3

I have a dataframe dfMaster which has three columns, vertex1, vertex2, weight. I'm trying to create a GraphX directed weighted graph which has vertexes from V1 and V2 and edges between them with their corresponding weight. I can create the edge and vertex df's by doing:

val edgeDF = dfMaster.select($"vertex1", $"vertex2", $"weight").distinct()
val vertexDF = (dfMaster.select("vertex1").toDF().unionAll(DFMaster.select("vertex2").toDF())).distinct()

How do I then load this into a weighted graph? Thanks for the help.

mt88
  • 2,855
  • 8
  • 24
  • 42

1 Answers1

4

As far as I know, Spark GraphX currently supports only creation from RDDs.
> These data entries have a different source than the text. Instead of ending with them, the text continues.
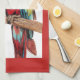 Red Macaw Parrots Bird Watercolour Kitchen Tea Towel Man's Name, with a fully customizable name. Let these beautiful birds brighten your day! Designed from one of my original watercolors. Sure to put a smile on the receivers face.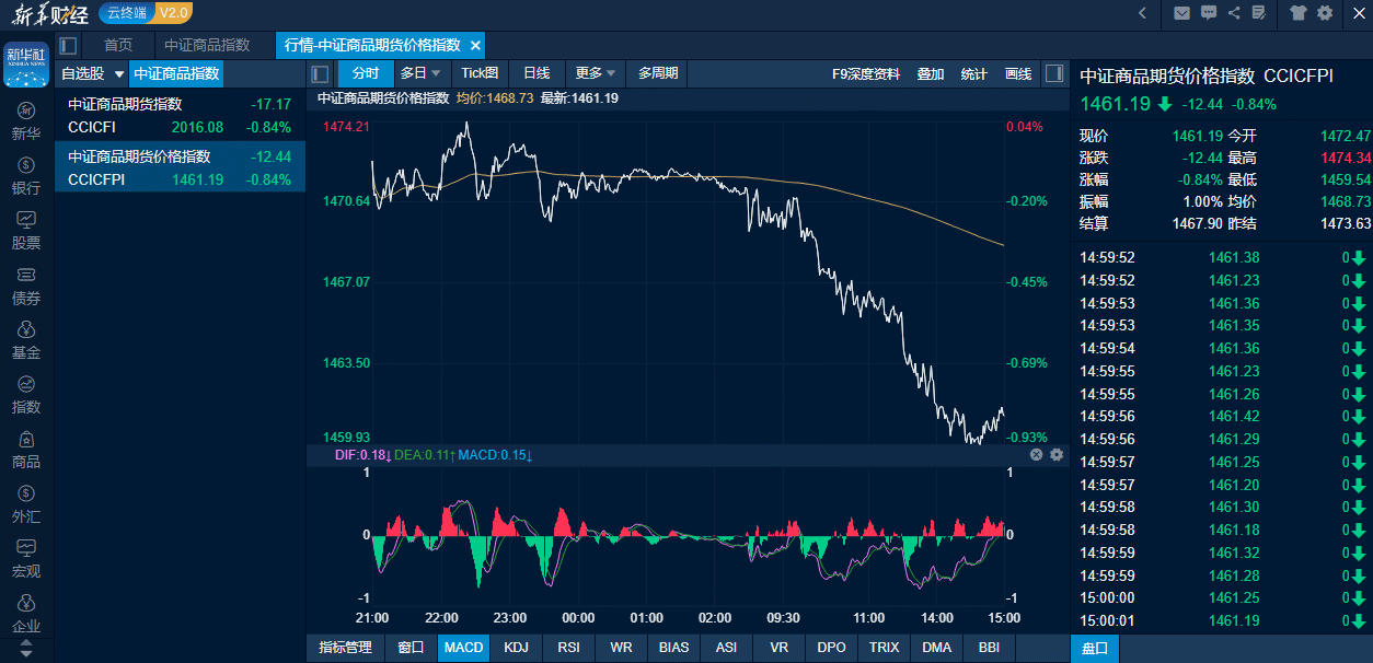 图为中证商品期货价格指数日内走势图 (来源:新华财经专业终端)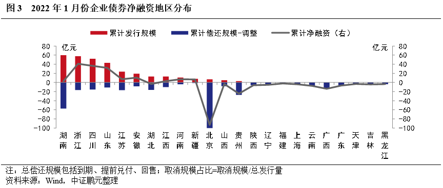 從地區分布看,2022年1月份多省企業債凈融資以凈償還為主。具體看,浙江、四川和山東分別實現凈發行41、36和32億元、遠高于其他省份。北京因償還規模較大,當月凈融資規模-93億元。此外,陜西、遼寧等10個省份本月未發行企業債,以償還為主。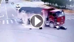 فيديو مروع.. شاهد كيف نجا سائق دراجة نارية من بين عجلات ..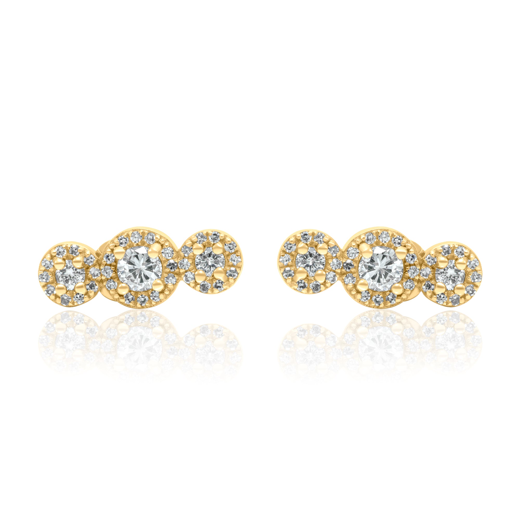 Gold Diamond Triple Round Bar Climber Earring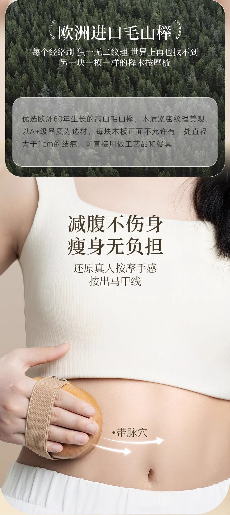 meridian comb (natural beech) + essential oil + human body figure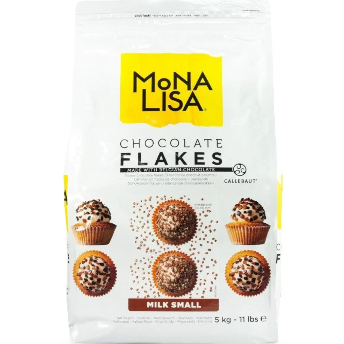 De Callebaut Chocoladevlokken Klein Melk 5kg zijn kant-en-klare strooisels gemaakt van lekkere melkchocolade. Deze chocoladevlokken zijn perfect voor het decoreren van allerlei verschillende baksels. Leuk om bijvoorbeeld taarten, cupcakes of gebakjes mee te versieren. Ook prachtig om een finishing touch te geven aan bonbons. De chocoladevlokken komen in een verpakking van 5 kilogram.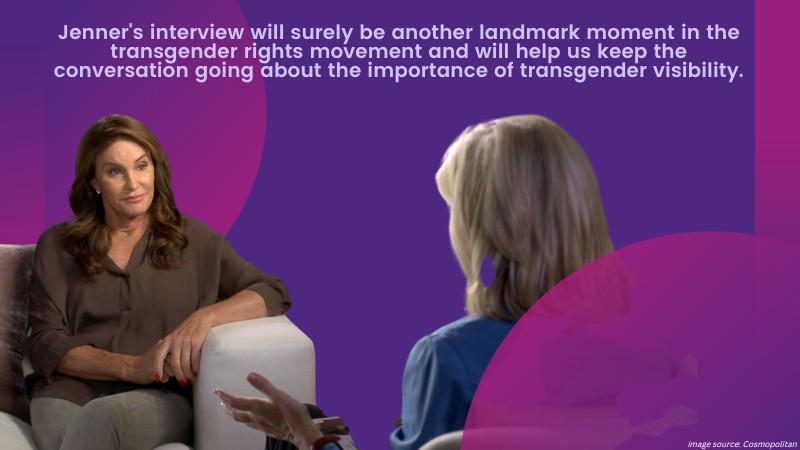 - The Vanity Fair cover is likely to help continue the conversation about transgender rights and visibility. This is important because the more people talk about transgender issues, the more likely it is that real change will happen. Jenner’s interview will surely be another landmark moment in the transgender rights movement and will help us keep the conversation going about the importance of transgender visibility.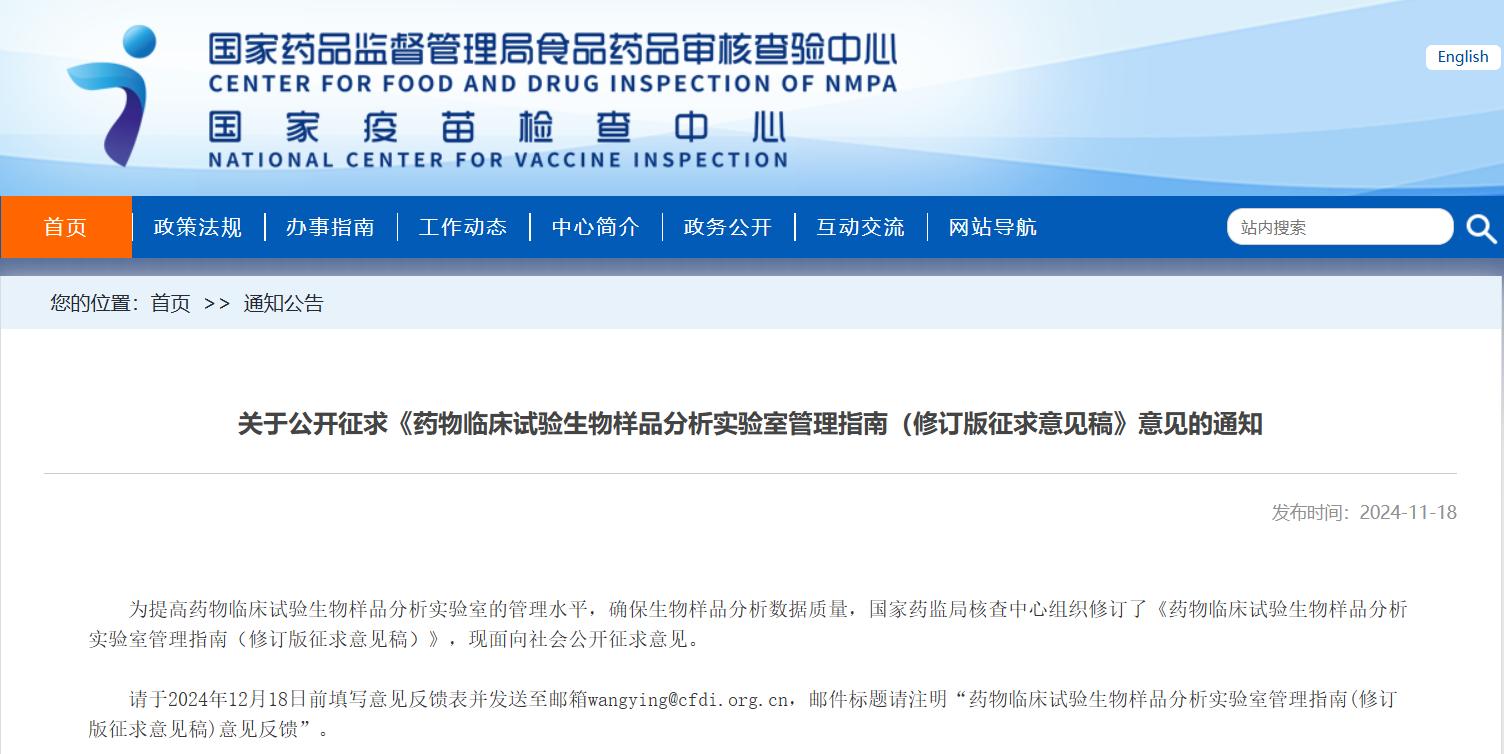 關(guān)于公開征求《藥物臨床試驗(yàn)生物樣品分析實(shí)驗(yàn)室管理指南(修訂版征求意見稿)》意見的通知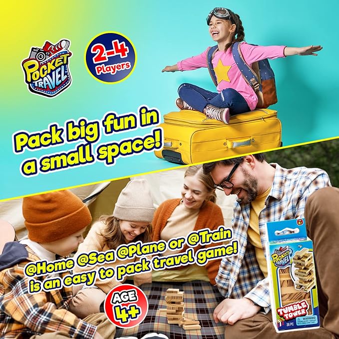 - 6 INDIVIDUALLY PACKED WOODEN MINI TUMBLE TOWERS PACKS. Great Family Board Games. Party Games For Kids And Adults. Travel Games, Table Games, Family Games. Includes 1 Funaton Bouncy Ball.
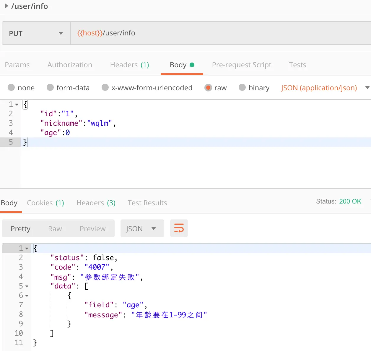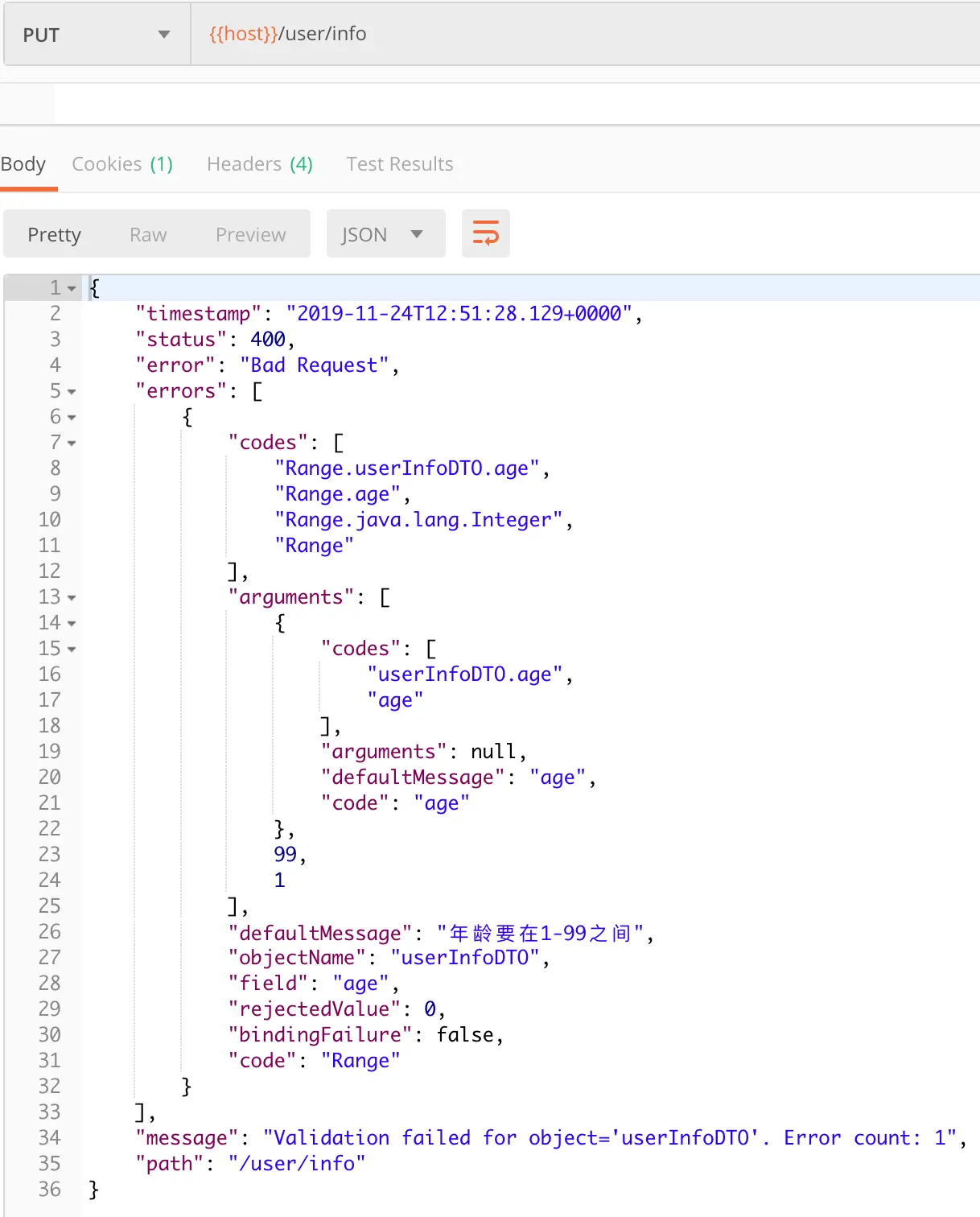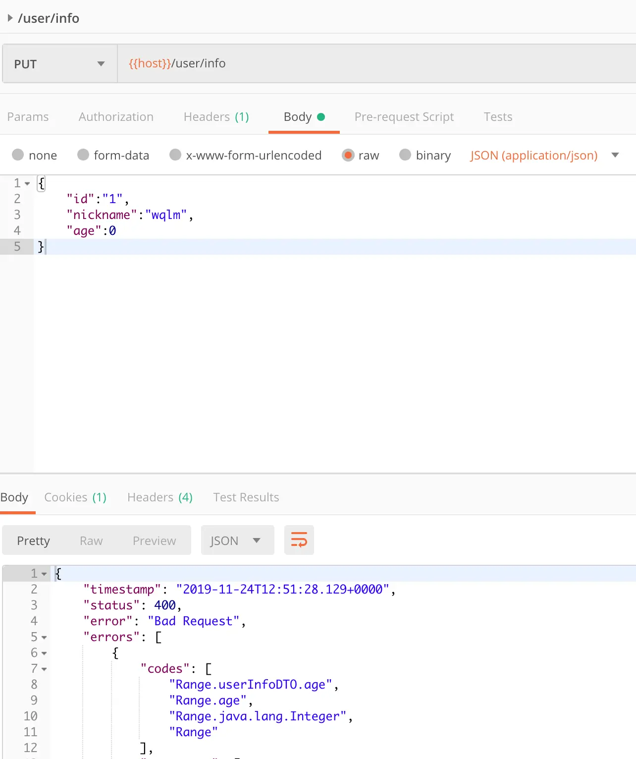 通过 put 提交 json 的方式访问 /info 接口,如果参数校验不通过会抛出 MethodArgumentNotValidException 异常

The main methods available for graph creation can be found at the following classes:

For your case, I suggest the following code:

import org.apache.spark.sql.Row
import org.apache.spark.graphx.{Graph, Edge}

val edgeDF = dfMaster.select($"vertex1", $"vertex2", $"weight").distinct()

val edgeRDD = edgeDF.map { 
  case Row(srcId: Double, dstId: Double, wgt: Double) => Edge[Double](srcId.toLong, dstId.toLong, wgt)
}

val graph = Graph.fromEdges[Int, Double](edgesRDD, 0)   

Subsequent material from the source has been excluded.